These issues spurred Rangpur farmers to turn to AWD as a viable option to manage their water resource more efficiently and equitably, while maintaining or even increasing their yield and their income through savings on irrigation cost.

The Coalition worked with IRRI to support the spread of AWD practices in Rangpur Division by working with the Northwest Focal Area Network (FAN) - a multi-sectoral network of stakeholders working on rice-based systems. Network partners work together, carry out different roles, and share expertise and resources. They all have a shared interest to help farmers in the region increase their incomes to pull them out of poverty.

“Projects are often managed in a way where donors and the project implementers focus on project-driven functions rather than producing sustainable outcomes that benefit the community,” Akram Hossain Choudhury, chairman of the Barind Multipurpose Development Authority, said at one of the network meetings.  “The Northwest FAN is different. It focuses on sustainable transformation.”

In 2017 FAN worked with hundreds of farmers and shallow-tube well owners in 8 districts and 17 locations on testing and adopting AWD technology.  The Network’s inclusive approach promotes active involvement and concerted efforts by all actors. It also brings out a deep sense of ownership.

To facilitate the adoption and spread of AWD technology across the region, farmers and private owners of shallow-tube wells formed collective irrigation groups. These groups consist of 10-25 farmers and cover roughly 15-20 acres of paddy fields. Each group is trained in AWD techniques, data collection and record-keeping. To enhance learning, information and communication materials like videos, fact sheets, brochures, flyers, and training supplements are produced and distributed. Sub groups also participate in training the trainer activities.

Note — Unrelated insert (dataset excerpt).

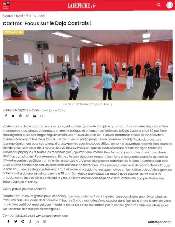 Article de La Dépêche du Midi du 14 Décembre 2019. Self Défense.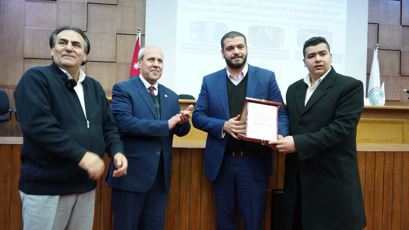 وتأتي هذه الندوة التي رعاها رئيس الجامعة الدكتور بسام زعل المحاسنة، وشارك فيها الى جانب العوران ،النائب الأسبق محمد القطاطشة وعضو المجلس السياسي في الحزب المسؤول في المبادرة الدكتور علي قوقزة ورئيس المبادرة سيف بني مصطفى، ضمن فعاليات برنامج التمكين السياسي للشباب في الجامعات الأردنية.

IRRI and the Bangladesh Rice Research Institute provides technical inputs about AWD and other production concerns. Sharing and learning about the benefits of AWD and technology outscaling, and initiatives to influence policy (upscaling) is carried out at the community level, district sub-unit (Upazila), regional, and national levels.

Moving forward the project plans to widen knowledge across the region to drive an effective extension and communication campaign.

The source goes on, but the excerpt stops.